=== TASK GOAL ===
Restate, word for word and with no pictures, the stretch of lines in the data below that begins at the line with "7月19日,大连市区内最大的" and ends at the line with "Proyecto de Restaurant", inclusive.

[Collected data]
* * * * * * *

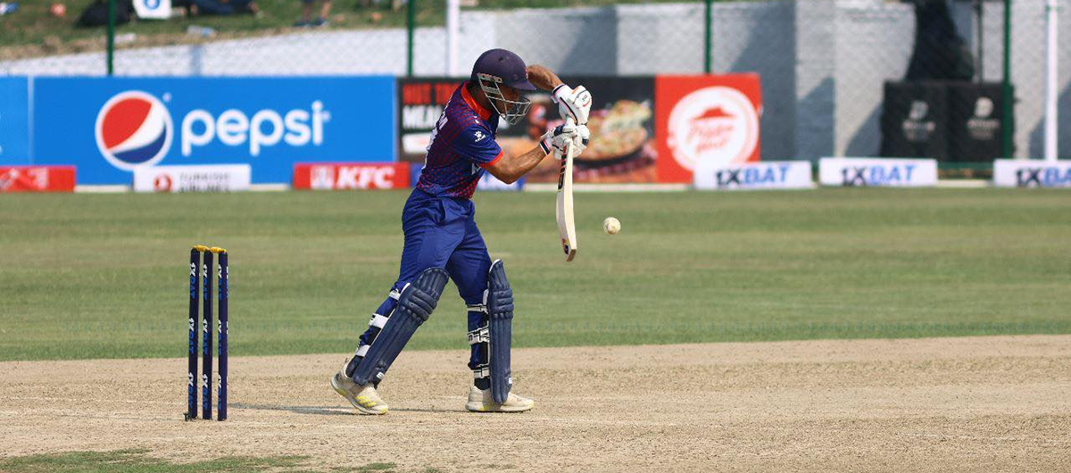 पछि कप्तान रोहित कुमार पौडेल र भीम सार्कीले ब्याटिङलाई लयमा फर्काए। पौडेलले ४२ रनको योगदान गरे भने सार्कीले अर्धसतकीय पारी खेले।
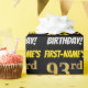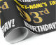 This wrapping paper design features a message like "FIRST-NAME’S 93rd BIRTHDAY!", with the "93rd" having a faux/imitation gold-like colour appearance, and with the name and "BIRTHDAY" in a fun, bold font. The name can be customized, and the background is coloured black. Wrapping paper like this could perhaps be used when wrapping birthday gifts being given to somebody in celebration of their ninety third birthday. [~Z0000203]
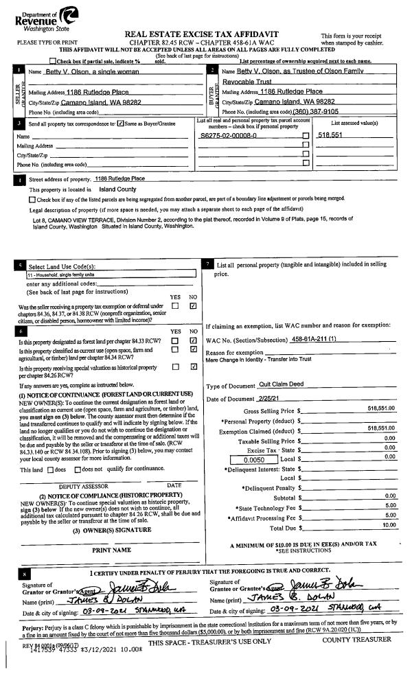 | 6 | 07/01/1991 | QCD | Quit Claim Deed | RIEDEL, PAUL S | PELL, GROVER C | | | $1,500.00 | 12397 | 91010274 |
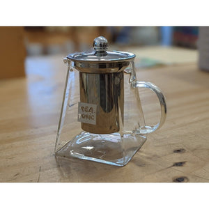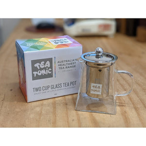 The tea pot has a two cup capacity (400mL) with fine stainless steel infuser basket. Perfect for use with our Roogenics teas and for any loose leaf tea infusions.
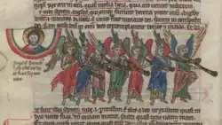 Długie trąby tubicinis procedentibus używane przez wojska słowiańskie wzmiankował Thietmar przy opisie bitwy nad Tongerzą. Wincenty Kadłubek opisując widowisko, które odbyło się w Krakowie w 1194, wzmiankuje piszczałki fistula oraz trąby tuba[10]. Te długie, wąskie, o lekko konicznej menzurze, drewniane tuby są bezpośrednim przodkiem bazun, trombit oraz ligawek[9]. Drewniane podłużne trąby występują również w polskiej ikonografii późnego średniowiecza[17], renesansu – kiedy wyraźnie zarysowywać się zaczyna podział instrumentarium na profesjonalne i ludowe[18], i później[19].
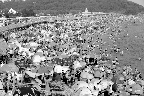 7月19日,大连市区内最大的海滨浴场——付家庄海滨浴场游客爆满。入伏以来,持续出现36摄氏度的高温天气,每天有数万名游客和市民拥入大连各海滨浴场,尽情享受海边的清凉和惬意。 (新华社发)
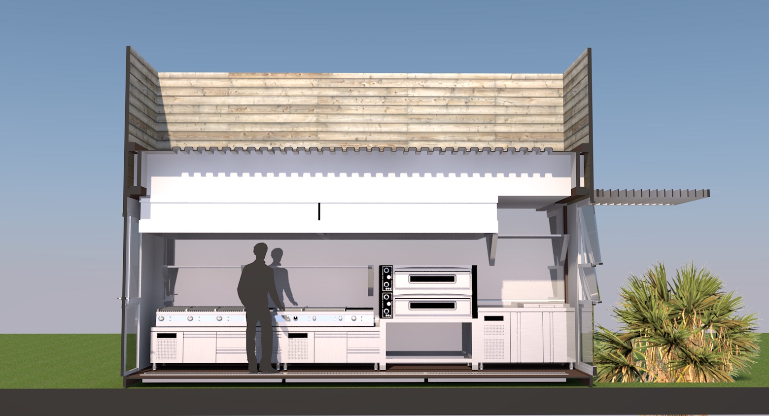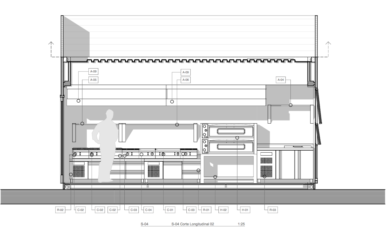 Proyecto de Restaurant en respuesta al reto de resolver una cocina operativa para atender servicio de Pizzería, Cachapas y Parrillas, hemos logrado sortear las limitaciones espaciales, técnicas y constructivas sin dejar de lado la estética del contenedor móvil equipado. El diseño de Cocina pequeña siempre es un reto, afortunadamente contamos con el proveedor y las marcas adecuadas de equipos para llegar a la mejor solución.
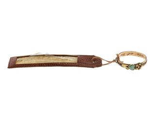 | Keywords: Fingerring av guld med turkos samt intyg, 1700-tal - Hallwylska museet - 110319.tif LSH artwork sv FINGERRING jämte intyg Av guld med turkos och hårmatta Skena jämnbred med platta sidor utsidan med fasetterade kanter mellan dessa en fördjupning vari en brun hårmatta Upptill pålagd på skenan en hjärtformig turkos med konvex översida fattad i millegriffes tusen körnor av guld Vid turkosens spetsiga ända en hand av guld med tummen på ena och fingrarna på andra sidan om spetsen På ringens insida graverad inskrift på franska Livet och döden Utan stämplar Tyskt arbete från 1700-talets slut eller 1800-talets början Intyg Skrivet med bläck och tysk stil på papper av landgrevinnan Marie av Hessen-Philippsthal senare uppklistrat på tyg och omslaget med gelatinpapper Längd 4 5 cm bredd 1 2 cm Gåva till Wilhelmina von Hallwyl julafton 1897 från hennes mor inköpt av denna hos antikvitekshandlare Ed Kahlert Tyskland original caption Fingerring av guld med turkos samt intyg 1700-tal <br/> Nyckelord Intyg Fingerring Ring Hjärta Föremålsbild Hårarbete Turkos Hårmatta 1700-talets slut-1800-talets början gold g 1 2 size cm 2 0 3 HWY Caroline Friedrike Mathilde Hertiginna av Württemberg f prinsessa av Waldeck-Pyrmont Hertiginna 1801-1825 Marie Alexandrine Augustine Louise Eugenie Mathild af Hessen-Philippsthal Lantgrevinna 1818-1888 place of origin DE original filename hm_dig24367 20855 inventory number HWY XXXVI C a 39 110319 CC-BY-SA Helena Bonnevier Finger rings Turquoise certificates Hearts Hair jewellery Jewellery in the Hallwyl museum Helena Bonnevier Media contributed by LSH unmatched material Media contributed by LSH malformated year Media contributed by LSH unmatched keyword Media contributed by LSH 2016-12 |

* * * * * * *

=== RESULT ===
 7月19日,大连市区内最大的海滨浴场——付家庄海滨浴场游客爆满。入伏以来,持续出现36摄氏度的高温天气,每天有数万名游客和市民拥入大连各海滨浴场,尽情享受海边的清凉和惬意。 (新华社发)
 Proyecto de Restaurant en respuesta al reto de resolver una cocina operativa para atender servicio de Pizzería, Cachapas y Parrillas, hemos logrado sortear las limitaciones espaciales, técnicas y constructivas sin dejar de lado la estética del contenedor móvil equipado. El diseño de Cocina pequeña siempre es un reto, afortunadamente contamos con el proveedor y las marcas adecuadas de equipos para llegar a la mejor solución.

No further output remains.